SUPPLIED MATERIAL:
__________

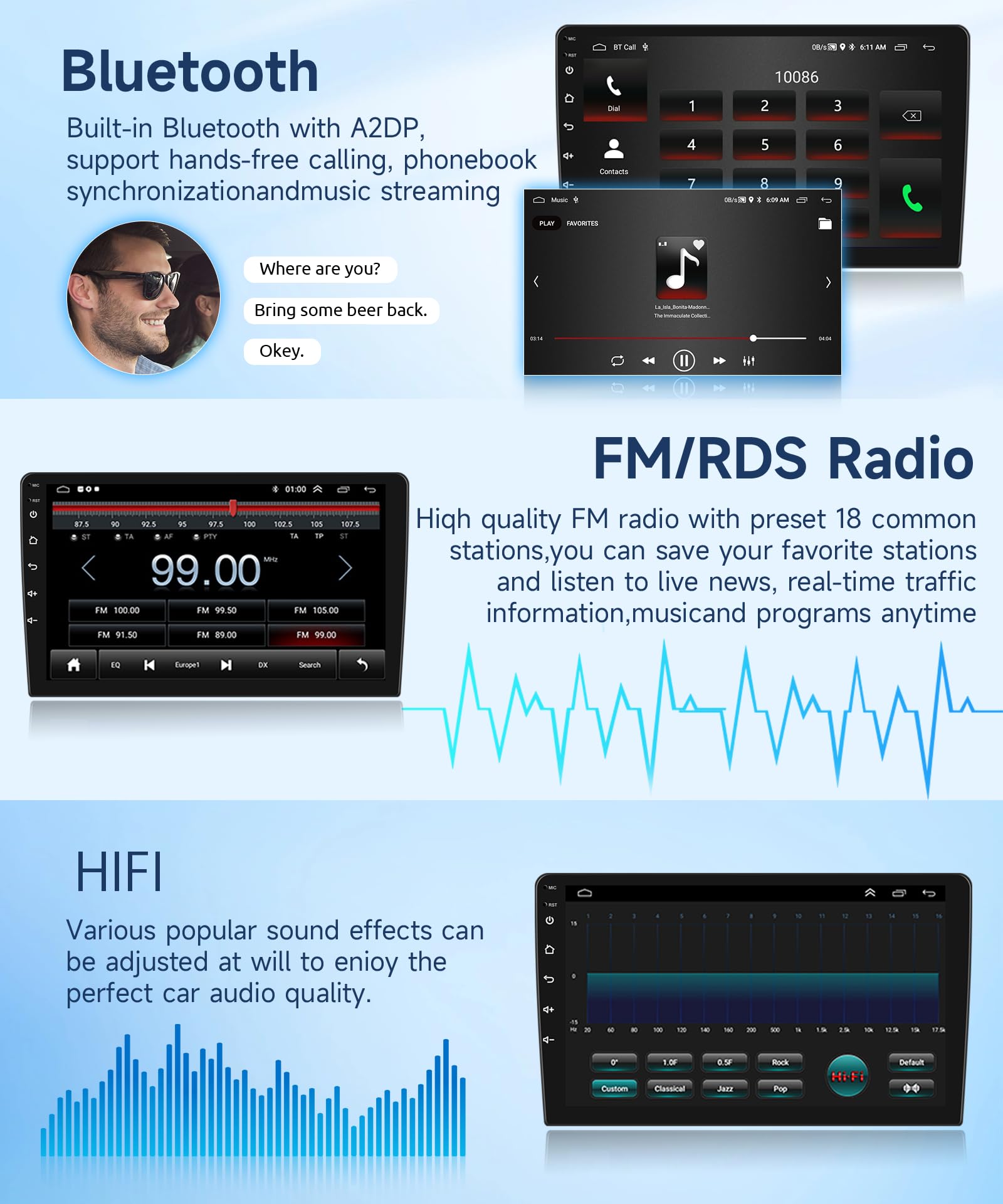 - Bluetooth & FM Radio & EQ: for 2010 Ford Escape radio with bluetooth, connect to your phone via Bluetooth for hands-free answering and making calls, playing music intelligently. for 2007 Ford Escape radio with FM radio, 18 preset stations, you can listen to real-time traffic, news broadcasts, weather forecasts etc.Support a variety of EQ sound effects scene selection, Frequency division adjustment shocking surround panoramic.
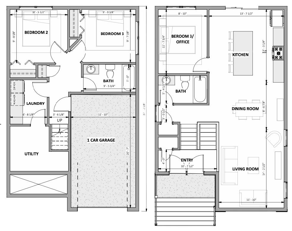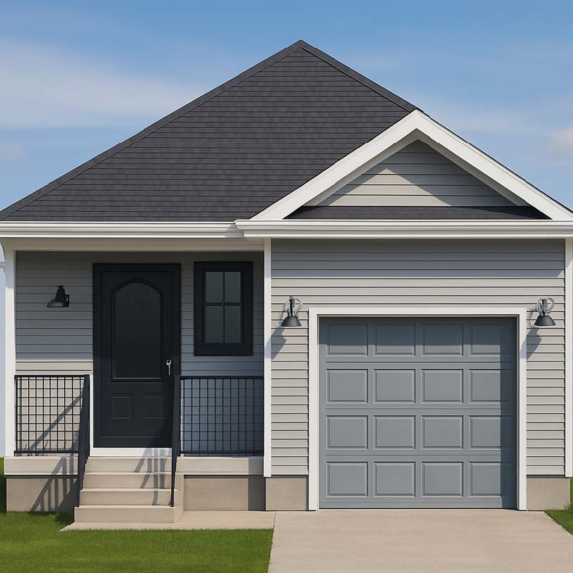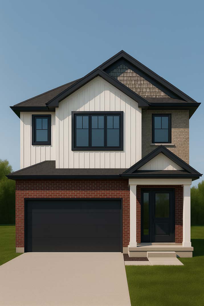 - Vinyl siding – vertical board and batten style on front elevation, horizontal on balance
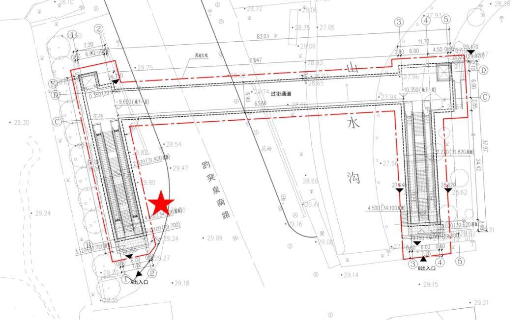 为改善这一状况,济南市早在今年4月就对外公示了泉城广场城市智慧停车场建设项目的相关规划,其中明确包含了连接两处景点的地下通道部分。根据规划内容,通道选址于历下区趵突泉南路,具置在趵突泉公园东门北侧与泉城广场西北角之间。从设计图上看,通道主体跨度约63米,宽度接近7米,整体跨度总计约83米。在两端分别设置了A、B两处出入口,每处均配备了两部自动扶梯和一条人行步梯,以方便各类人群通行。

__________

DIRECTIONS FOR THIS TASK: After locating the line with "- Vinyl siding", transcribe it and the rest of the data above exactly as written, without any picture.

TASK OUTPUT:
 - Vinyl siding – vertical board and batten style on front elevation, horizontal on balance
 为改善这一状况,济南市早在今年4月就对外公示了泉城广场城市智慧停车场建设项目的相关规划,其中明确包含了连接两处景点的地下通道部分。根据规划内容,通道选址于历下区趵突泉南路,具置在趵突泉公园东门北侧与泉城广场西北角之间。从设计图上看,通道主体跨度约63米,宽度接近7米,整体跨度总计约83米。在两端分别设置了A、B两处出入口,每处均配备了两部自动扶梯和一条人行步梯,以方便各类人群通行。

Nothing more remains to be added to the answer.